[AVAILABLE DATA Boundary: Start]
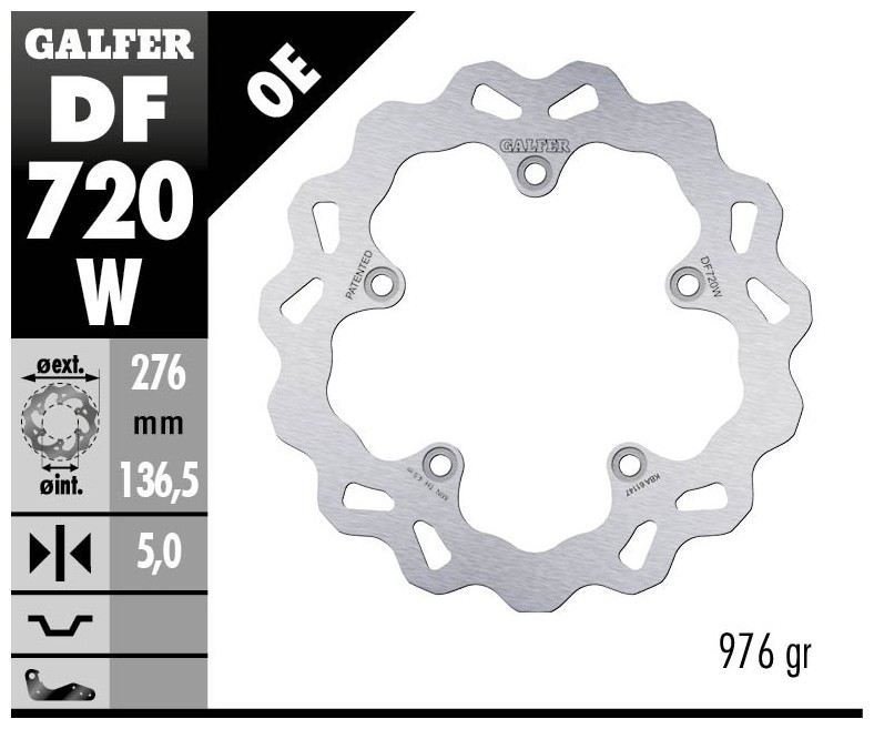 I dischi “Disc Wave®” rappresentano l’esempio migliore di Ricerca e Sviluppo di Galfer. I dischi Galfer vengono prodotti con macchine a taglio laser utilizzando la miglior qualità di acciaio inossidabile. Le tecnologie di produzione derivano direttamente dalle competizioni e rese disponibili a tutti gli utenti. Il montaggio non richiede staffe o parti supplementari e sono compatibili ai ricambi originali. Il disco freno “Disc Wave®” è una proprietà intellettuale di Industrias Galfer SA protetta da brevetto in Europa ed America.
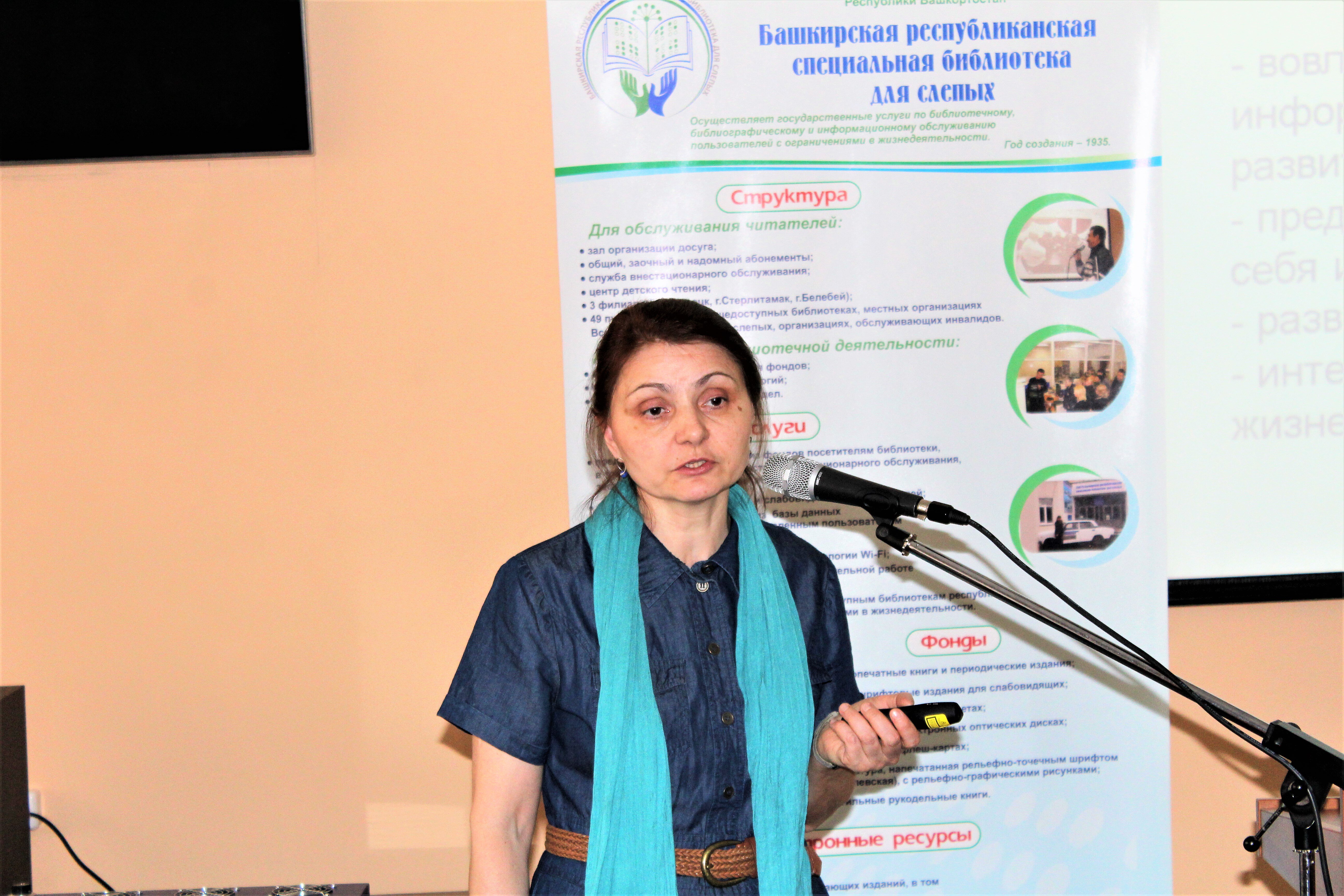 С докладом «Адаптированная литература для людей с ограничениями жизнедеятельности в популяризации национально-культурного достояния народов России в Республике Башкортостан» выступила директор Башкирской республиканской специальной библиотеки для слепых, кандидат педагогических наук, Айгуль Аминева. Она поделилась опытом работы, применяемыми методами в продвижении национальной литературы к читателям и пользователям специальной библиотеки.
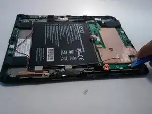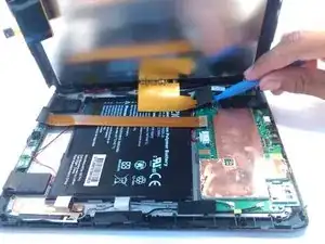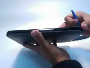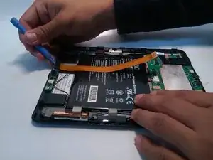 Начните с использования пластикового инструмента для открытия, чтобы снять заднюю крышку планшета.
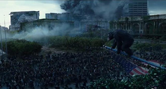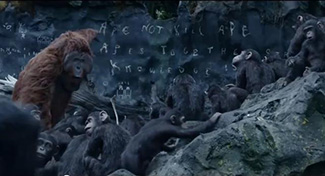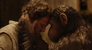 Autant de détails qui mettent du baume au cœur alors que la mise en scène dans son ensemble ne semble guère respirer. On pourra parler de formatage vis-à-vis d’un découpage n’allant jamais au bout de ses capacités et suivant sagement les recommandations fixées par le scénario. Là où le découpage doit ouvrir des verrous de compréhension supplémentaire, il les laisse ici clos. L’affrontement souffre quelque peu de ne fonctionner que sous l’angle de l’efficacité et de ne pouvoir passer plus de chose en sous-main. Prenons l’une des meilleures idées du film consistant à minimiser les dialogues entre les singes (encore une parfaite manière de transmettre le sentiment d’assister à la naissance d’une nouvelle ère). Lorsqu’il s’agit de savoir s’ils doivent s’exprimer par le langage des signes ou la parole, la solution est trop souvent recherchée sous l’angle du sensationnalisme. Qu’est-ce qui aura le plus d’impact immédiat chez le spectateur ? Qu’est-ce qui surlignera le mieux l’importance de l’information délivrée ? Le choix se repose sur des arguments basiques alors que la transition entre les deux méthodes pouvait devenir le moyen de signifier comment les singes évoluent jusqu’à reproduire les erreurs de leurs prédécesseurs.
[AVAILABLE DATA Boundary: End]
# ASSIGNED TASK
Exactly as written, please give again the lines from the beginning of the listing through the line containing "Начните с использования", inclusive, without any pictures.

# RESULT OF THE TASK
 I dischi “Disc Wave®” rappresentano l’esempio migliore di Ricerca e Sviluppo di Galfer. I dischi Galfer vengono prodotti con macchine a taglio laser utilizzando la miglior qualità di acciaio inossidabile. Le tecnologie di produzione derivano direttamente dalle competizioni e rese disponibili a tutti gli utenti. Il montaggio non richiede staffe o parti supplementari e sono compatibili ai ricambi originali. Il disco freno “Disc Wave®” è una proprietà intellettuale di Industrias Galfer SA protetta da brevetto in Europa ed America.
 С докладом «Адаптированная литература для людей с ограничениями жизнедеятельности в популяризации национально-культурного достояния народов России в Республике Башкортостан» выступила директор Башкирской республиканской специальной библиотеки для слепых, кандидат педагогических наук, Айгуль Аминева. Она поделилась опытом работы, применяемыми методами в продвижении национальной литературы к читателям и пользователям специальной библиотеки.
 Начните с использования пластикового инструмента для открытия, чтобы снять заднюю крышку планшета.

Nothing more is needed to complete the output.